§ GIVEN RECORDS:
· · · ·

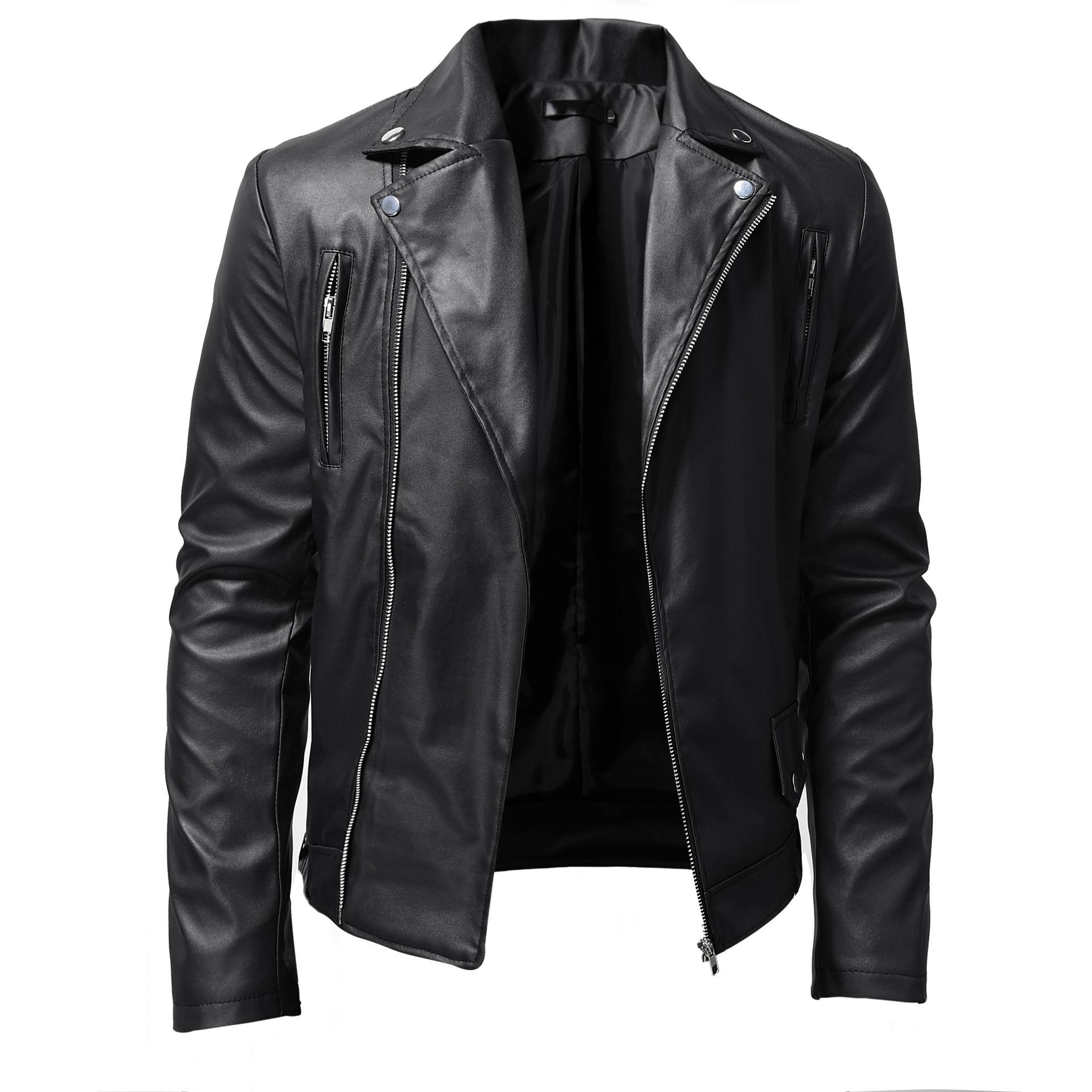 Chaqueta de cuero sintético para hombre, estilo punk, estilo motociclista, con cuello alto, estilo europeo y americano, de comercio exterior de Amazon.
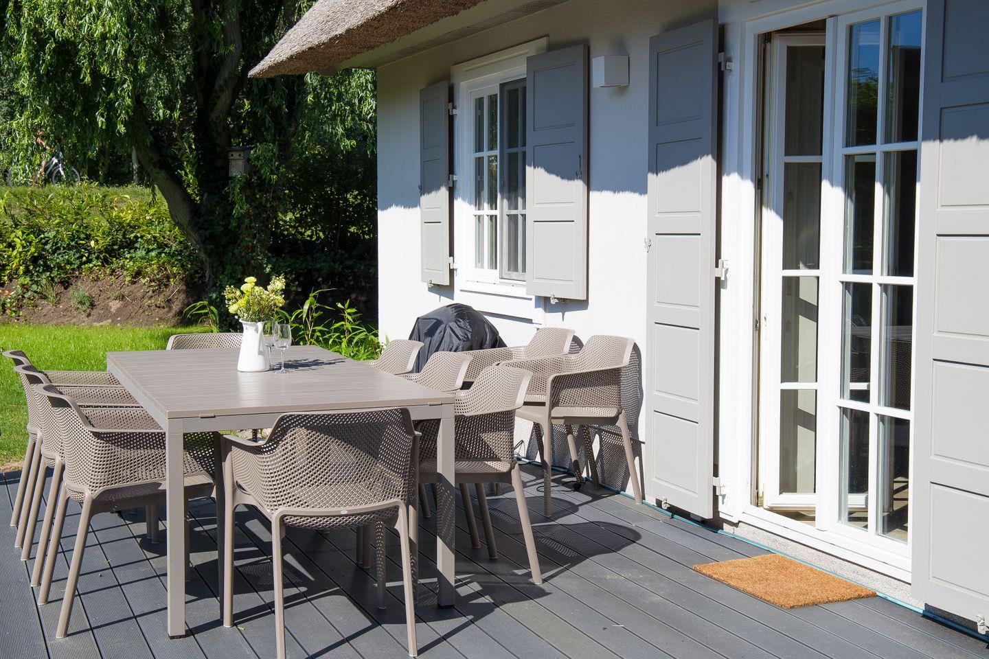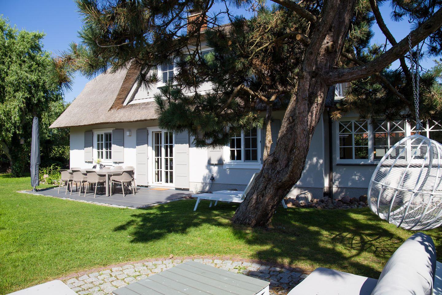Der Außenbereich begeistert mit einem 650 Quadratmeter großen Grundstück. Der wunderschöne Garten ist vollständig mit Sträuchern und Hecken eingefriedet und bietet sich daher auch perfekt für einen Urlaub mit Hund an. Direkt an das Haus grenzt eine großzügige Terrasse mit überdimensionalem Sonnenschirm und ausziehbarem Esstisch an, die ganztägig vom warmen Sonnenlicht der Ostsee beschienen wird. Hier steht auch ein Elektro-Grill bereit. Unter einer malerischen Kiefer finden sich außerdem eine elegante Lounge-Sofa-Ecke, ein Hängesessel sowie zwei Sonnenliegen für entspannte Momente zum "Chillen", ebenfalls eingebunden in das stimmige Farbkonzept des Hauses. Hier genießt du die Ruhe und hast Abstand vom Alltagsgeschehen. Ein großzügiger Stellplatz für bis zu zwei PKWs und eine Ladestation für E-Autos stehen dir kostenfrei zur Verfügung.
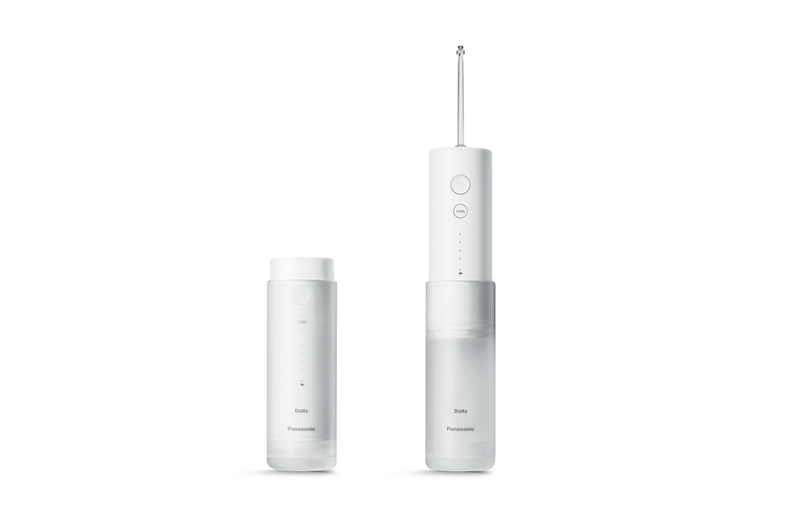 This battery-powered oral cleaner uses ultrasonic technology to gently yet thoroughly clean teeth, gums and periodontal pockets. Its simple shape and the combination of white and transparent components exude cleanliness. The device’s construction centres around its fundamental functions, making it easy to operate. Its light and compact design also makes it ideal for use when on the go or travelling.
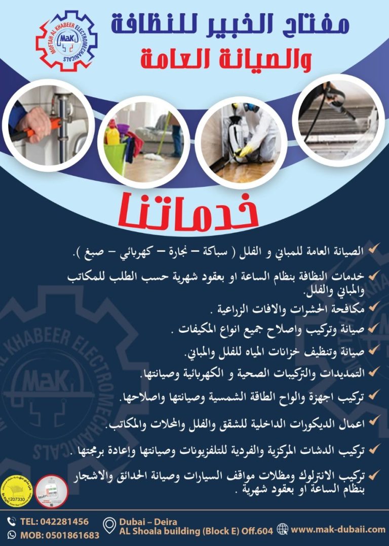 We offer building maintenance, electrical, plumbing, renovation, AC, and pest control services.
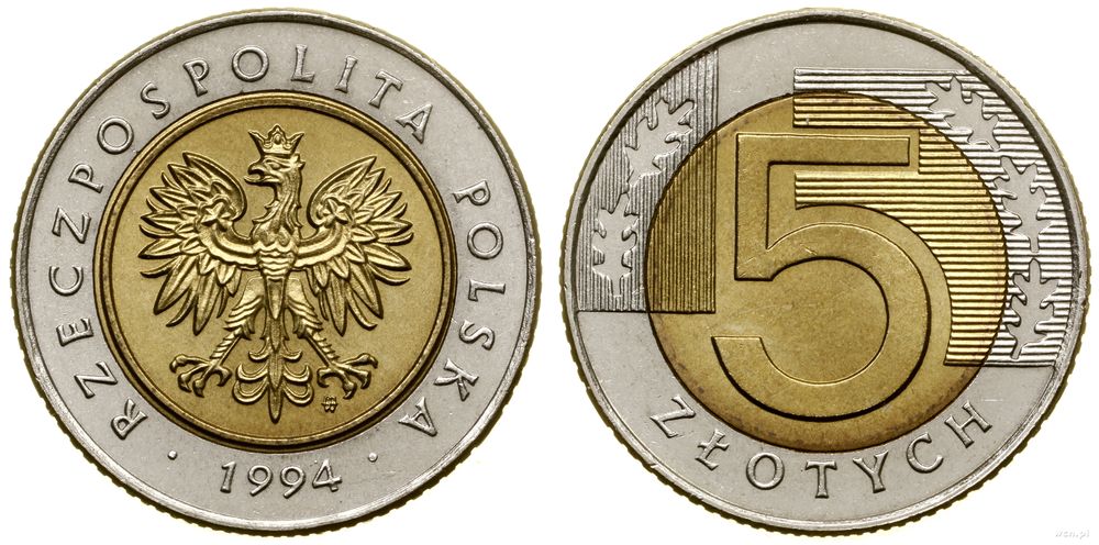 | Opis: | Polska - III Rzeczpospolita Polska (od 1989) - monety obiegowe, 5 złotych, 1994, Warszawa |
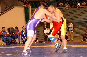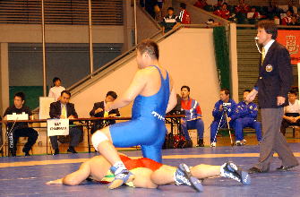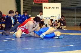 | ○…大会の最後を飾る一戦は、松本の強さとグレコローマンの醍醐味を十分に感じさせてくれた試合だった。「俵返しを出したかったけど、リフト技(バック投げ)だけで終わってしまった。最後はもう一発狙えるかなと思ったけど、気がついたらテクニカルフォールになっていた」と、一気の攻めのためポイント計算を間違ってしまったようだ。 昨年の全日本選手権は直前に左手を骨折して戦い、それでも優勝した。その回復に2か月もかかってしまい、いまも完治はしていないが(7〜8割程度の回復)、大きな影響はないので、立ち止まるわけにはいかない。ヨーロッパ選手権(5月23〜25日、ユーゴスラビア)を視察したあと、約2か月の予定でウクライナへ向い、現地選手との練習に臨む。「ヨーロッパ勢を倒さないと、メダルが見えてきませんからね」。見えているのは世界チャンピオンだけだ。 |
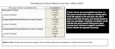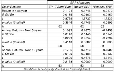 If the correlations across time in stock returns were zero, this approach would yield results similar to just using the averages (historical risk premiums), but it they are not, it will lead to different predictions. Looking at historical returns, the correlations start off close to zero for one-year returns but they do become slightly more negative as you lengthen your time periods; the correlation in returns over 5-year time periods is -0.15, but it is not statistically significant. However, with 10-year time horizon, even that mild correlation disappears. In short, while it may be possible to coax a predictive model using only historical stock returns, that model is unlikely to yield much in actionable predictions. There are sub-periods where the correlation is higher, but I remain skeptical of any ERP prediction model built around just the time series of stock returns.

· · · ·

§ YOUR GOAL: Word for word, please, restate the lines of the listing from the one holding "We offer building" down to the last line, leaving out any pictures.

§ RESPONSE BELOW:
 We offer building maintenance, electrical, plumbing, renovation, AC, and pest control services.
 | Opis: | Polska - III Rzeczpospolita Polska (od 1989) - monety obiegowe, 5 złotych, 1994, Warszawa |
 | ○…大会の最後を飾る一戦は、松本の強さとグレコローマンの醍醐味を十分に感じさせてくれた試合だった。「俵返しを出したかったけど、リフト技(バック投げ)だけで終わってしまった。最後はもう一発狙えるかなと思ったけど、気がついたらテクニカルフォールになっていた」と、一気の攻めのためポイント計算を間違ってしまったようだ。 昨年の全日本選手権は直前に左手を骨折して戦い、それでも優勝した。その回復に2か月もかかってしまい、いまも完治はしていないが(7〜8割程度の回復)、大きな影響はないので、立ち止まるわけにはいかない。ヨーロッパ選手権(5月23〜25日、ユーゴスラビア)を視察したあと、約2か月の予定でウクライナへ向い、現地選手との練習に臨む。「ヨーロッパ勢を倒さないと、メダルが見えてきませんからね」。見えているのは世界チャンピオンだけだ。 |
 If the correlations across time in stock returns were zero, this approach would yield results similar to just using the averages (historical risk premiums), but it they are not, it will lead to different predictions. Looking at historical returns, the correlations start off close to zero for one-year returns but they do become slightly more negative as you lengthen your time periods; the correlation in returns over 5-year time periods is -0.15, but it is not statistically significant. However, with 10-year time horizon, even that mild correlation disappears. In short, while it may be possible to coax a predictive model using only historical stock returns, that model is unlikely to yield much in actionable predictions. There are sub-periods where the correlation is higher, but I remain skeptical of any ERP prediction model built around just the time series of stock returns.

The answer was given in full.